The appeals court granted Box’s petition for a writ of mandate. It did not order production of the notes but did remand the case, saying:
“Unless the People articulate a foundational basis for shielding some portion of the jury selection notes from discovery, those materials must be turned over to Box in their entirety.”
Justice William Dato authored Friday’s opinion. Acting Presiding Justice Richard D. Huffman wrote the panel’s April 9, 2019 opinion in People v. Superior Court (Jones), in which Huffman said:
“We are tasked with determining whether the work product privilege remains absolute when a court has an obligation to evaluate the intent of the prosecution, and the written mental impressions themselves may reveal an effort to unlawfully exclude prospective jurors based on race or gender.”

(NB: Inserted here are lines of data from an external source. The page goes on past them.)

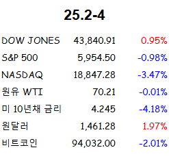 미국 관세 충격으로 인플레 우려와 소비심리 악화 빅테크 성장 둔화가 겹치며 미국 증시가 힘을 못내는 상황.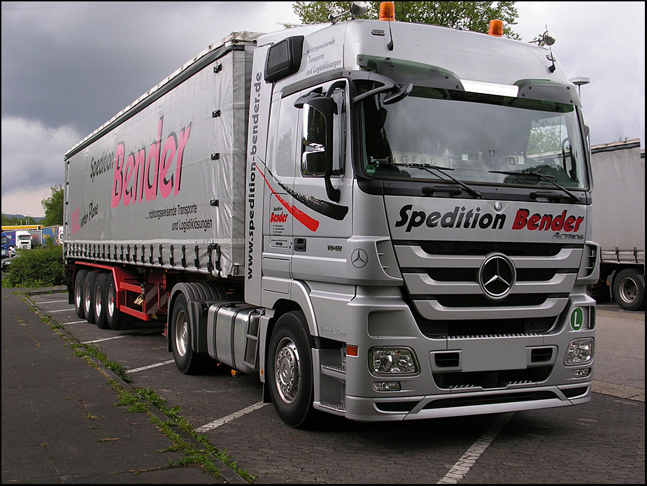 Mercedes Actros 1848 der Sped. Bender - blitzsauber hier bei der Rast an der A45 - Juli 2010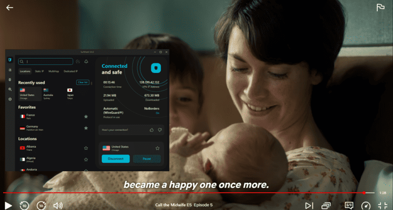 Surfshark 的伊利诺伊州服务器速度足够快,可以流式传输电影、网络连续剧以及观看本地新闻高分辨率。

He concluded in light of “the importance of avoiding discrimination in jury selection,” the trial judge dd not err in order release of the notes to the defendant’s counsel who was seeking habeas relief.

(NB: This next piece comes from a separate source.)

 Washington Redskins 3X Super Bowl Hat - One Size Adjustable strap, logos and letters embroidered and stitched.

Huffman also said that if the privilege did exist, it was waived when the prosecutor alluded to the notes in responding to a Batson/Wheeler motion.

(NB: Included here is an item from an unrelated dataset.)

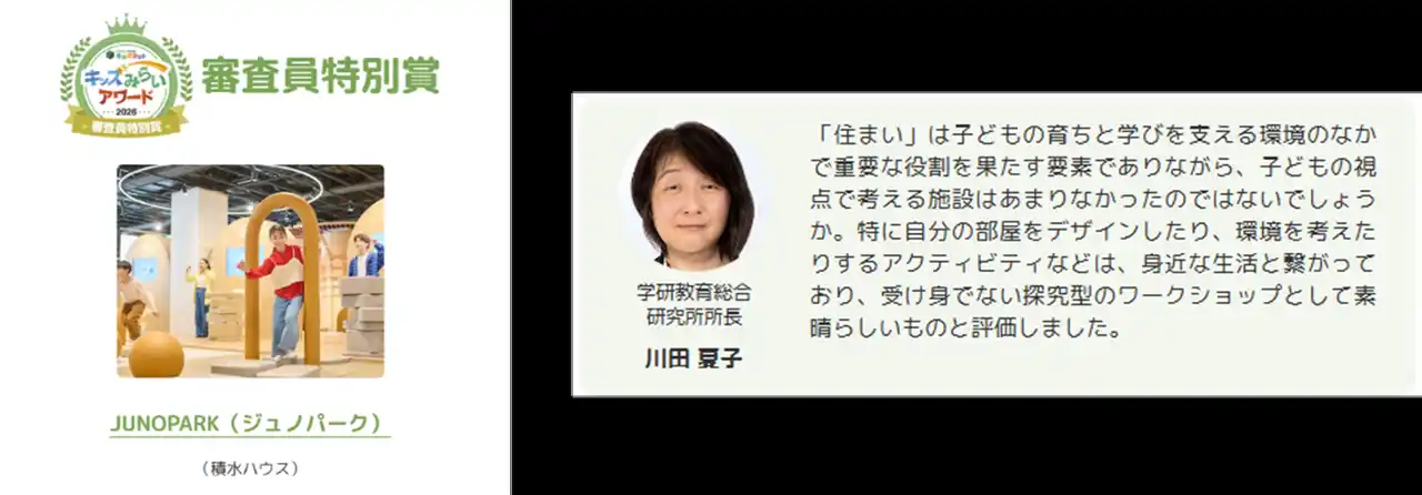 審査員特別賞(学研教育総合研究所所長 川田夏子) 積水ハウス「JUNOPARK(ジュノパーク)」 |

The Supreme Court granted review, affirming in 2021, solely on the ground of waiver. Dato wrote: “Absent waiver of work product privilege, must a prosecutor’s jury selection notes be produced in postconviction discovery under Penal Code section 1054.9 to facilitate a Batson/Wheeler challenge? This is an issue we previously addressed in People v. Superior Court (Jones)…(Jones I). In People v. Superior Court (Jones)…(Jones II), the Supreme Court sidestepped the applicability of work product privilege by finding a waiver on the facts of that case. But it did not depublish Jones I, nor did it say anything in Jones II that cast doubt on our reasoning with respect to the general inapplicability of the work product privilege to jury selection notes in the Batson / Wheeler context.
“Accordingly, Jones I remains good law and we reaffirm the correctness of the conclusions we reached in that opinion. Where a prima facie case of racial bias under Batson/Wheeler has been made, a defendant is entitled to discover the prosecution’s jury selection notes under section 1054.9. Those notes are not categorically shielded from discovery by the absolute work product privilege….To the extent the People maintain that those notes reflect the prosecution’s impressions, conclusions, opinions, or legal research and theories about case strategy independent of conclusions or impressions about prospective jurors, they bear the burden to make that foundational proffer and seek appropriate redactions from the trial court.”
He remarked: “It seems unlikely that a prosecutor’s jury selection notes will reveal impressions, conclusions, or opinions about the legal theory of the case, as opposed to impressions about particular jurors.”
The case is Box v. Superior Court (People), 2023 S.O.S. 3.